Inconsistency for 256B with OVS vs VPP.

With Multistream (4096 flows and 1M flows) the latency of VPP is higher compared to OVS for lesser packet sizes (64, 128 and 256).

Fig-6 and Fig-8

The inconsistencies should be taken into consideration before making any conclusions.

The packet-processing architecture could be one possible reason for the differences.


BM-A as Baremetal Traffic Generator

For Single flow, The throughput achieved with BM-A for both OVS and VPP is consistent with the hardware traffic generators

Figs: 9 and 3.

We should be take into consideration of the inconsistencies with lower-packet sizes. However, for larger packet size software generators can match hardware counterpart for this scenario.
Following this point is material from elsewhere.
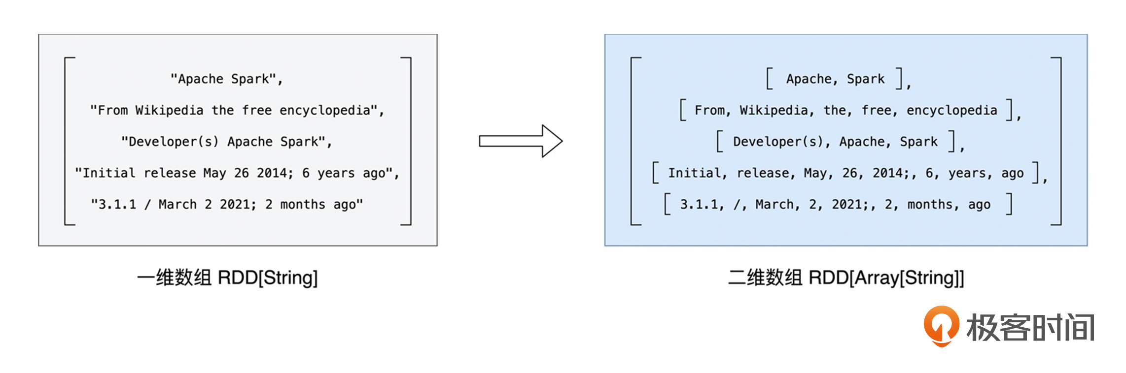 在这里,你不妨先简单地把RDD理解成“数组”,比如代码中的lineRDD变量,它的类型是RDD[String],你可以暂时把它当成元素类型是String的数组,数组的每个元素都是文件中的一行字符串。
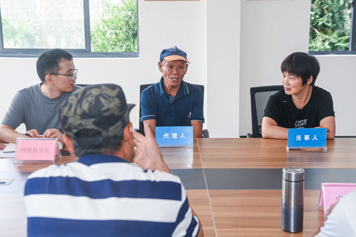 2023年7月26日,在浙江省诸暨市东白湖镇娄东村新时代文明实践站的文明共富会客厅内,网格长召集村里矛盾双方当事人以及党员代表、乡贤代表、人大代表等成员进行宅基地指标纠纷的现场调解。新华社记者 徐昱 摄

For multistream, the throughput performance difference between OVS and VPP is lesser (approximately 50%, 30% and 0% for 64bytes, 128 bytes and 256 bytes respectively) compared to hardware traffic generator (approximately 70%, 50% and 5%)

Figs: 11 and 5

Possible reasons:

• Packet construction variations
• Difference in test traffic type.

There are issues with latency computations in BM-A.

Figs 12 and 14.

Resource requirement for latency measurements are not satisfied by the configurations - Work to fix this issue is in progress.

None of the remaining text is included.